[DATASET SECTION — start]

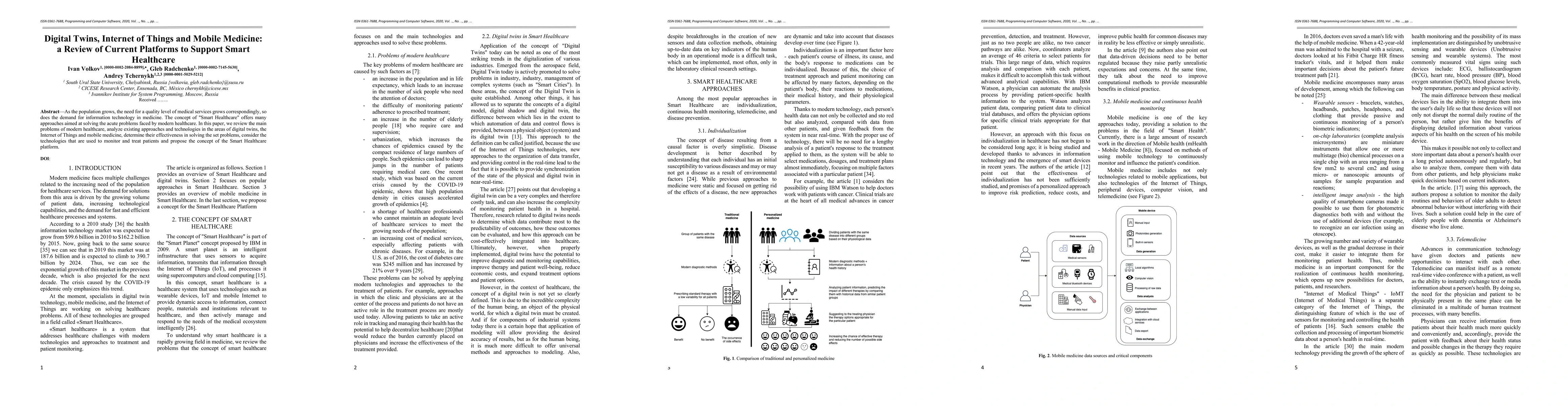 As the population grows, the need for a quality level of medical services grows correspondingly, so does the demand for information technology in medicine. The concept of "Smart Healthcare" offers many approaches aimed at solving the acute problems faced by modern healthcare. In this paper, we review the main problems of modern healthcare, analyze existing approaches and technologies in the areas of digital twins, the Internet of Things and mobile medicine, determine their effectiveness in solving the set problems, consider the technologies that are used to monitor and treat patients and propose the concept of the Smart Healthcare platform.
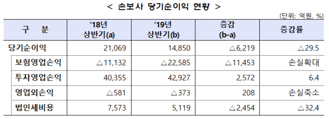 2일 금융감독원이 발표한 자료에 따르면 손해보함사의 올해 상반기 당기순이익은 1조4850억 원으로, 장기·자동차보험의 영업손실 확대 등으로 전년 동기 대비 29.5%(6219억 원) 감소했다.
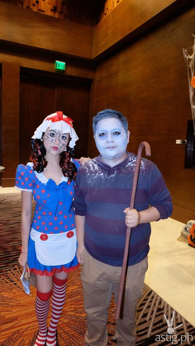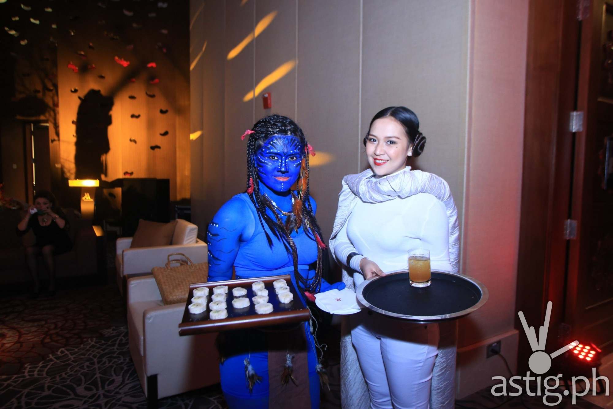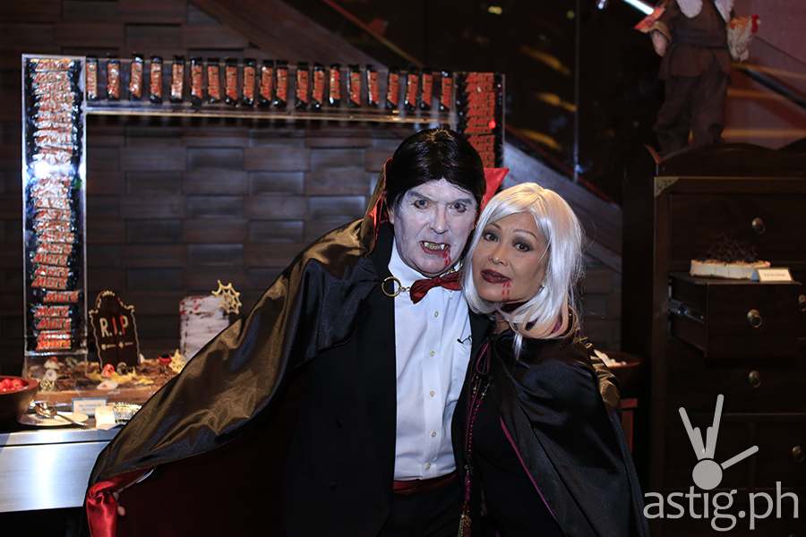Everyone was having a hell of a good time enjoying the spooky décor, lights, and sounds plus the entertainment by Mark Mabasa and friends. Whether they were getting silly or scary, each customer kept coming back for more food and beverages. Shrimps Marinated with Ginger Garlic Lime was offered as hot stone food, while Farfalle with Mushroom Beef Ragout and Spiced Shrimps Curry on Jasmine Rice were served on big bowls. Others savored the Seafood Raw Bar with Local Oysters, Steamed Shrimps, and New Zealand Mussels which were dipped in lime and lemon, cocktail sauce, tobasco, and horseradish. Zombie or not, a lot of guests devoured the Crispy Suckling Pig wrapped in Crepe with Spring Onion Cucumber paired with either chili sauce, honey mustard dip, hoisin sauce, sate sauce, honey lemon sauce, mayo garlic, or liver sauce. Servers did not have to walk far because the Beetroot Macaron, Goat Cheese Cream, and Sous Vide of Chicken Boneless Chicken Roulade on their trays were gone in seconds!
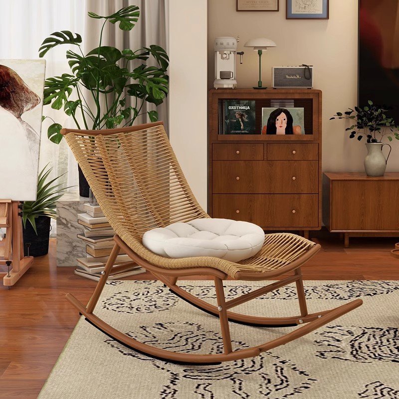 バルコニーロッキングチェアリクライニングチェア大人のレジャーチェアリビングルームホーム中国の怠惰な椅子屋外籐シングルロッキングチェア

[DATASET SECTION — finish]

WHAT YOU WILL DO:
Apart from the pictures, every line of the material above is to be returned word for word.

EXERCISE OUTPUT:
 As the population grows, the need for a quality level of medical services grows correspondingly, so does the demand for information technology in medicine. The concept of "Smart Healthcare" offers many approaches aimed at solving the acute problems faced by modern healthcare. In this paper, we review the main problems of modern healthcare, analyze existing approaches and technologies in the areas of digital twins, the Internet of Things and mobile medicine, determine their effectiveness in solving the set problems, consider the technologies that are used to monitor and treat patients and propose the concept of the Smart Healthcare platform.
 2일 금융감독원이 발표한 자료에 따르면 손해보함사의 올해 상반기 당기순이익은 1조4850억 원으로, 장기·자동차보험의 영업손실 확대 등으로 전년 동기 대비 29.5%(6219억 원) 감소했다.
Everyone was having a hell of a good time enjoying the spooky décor, lights, and sounds plus the entertainment by Mark Mabasa and friends. Whether they were getting silly or scary, each customer kept coming back for more food and beverages. Shrimps Marinated with Ginger Garlic Lime was offered as hot stone food, while Farfalle with Mushroom Beef Ragout and Spiced Shrimps Curry on Jasmine Rice were served on big bowls. Others savored the Seafood Raw Bar with Local Oysters, Steamed Shrimps, and New Zealand Mussels which were dipped in lime and lemon, cocktail sauce, tobasco, and horseradish. Zombie or not, a lot of guests devoured the Crispy Suckling Pig wrapped in Crepe with Spring Onion Cucumber paired with either chili sauce, honey mustard dip, hoisin sauce, sate sauce, honey lemon sauce, mayo garlic, or liver sauce. Servers did not have to walk far because the Beetroot Macaron, Goat Cheese Cream, and Sous Vide of Chicken Boneless Chicken Roulade on their trays were gone in seconds!
 バルコニーロッキングチェアリクライニングチェア大人のレジャーチェアリビングルームホーム中国の怠惰な椅子屋外籐シングルロッキングチェア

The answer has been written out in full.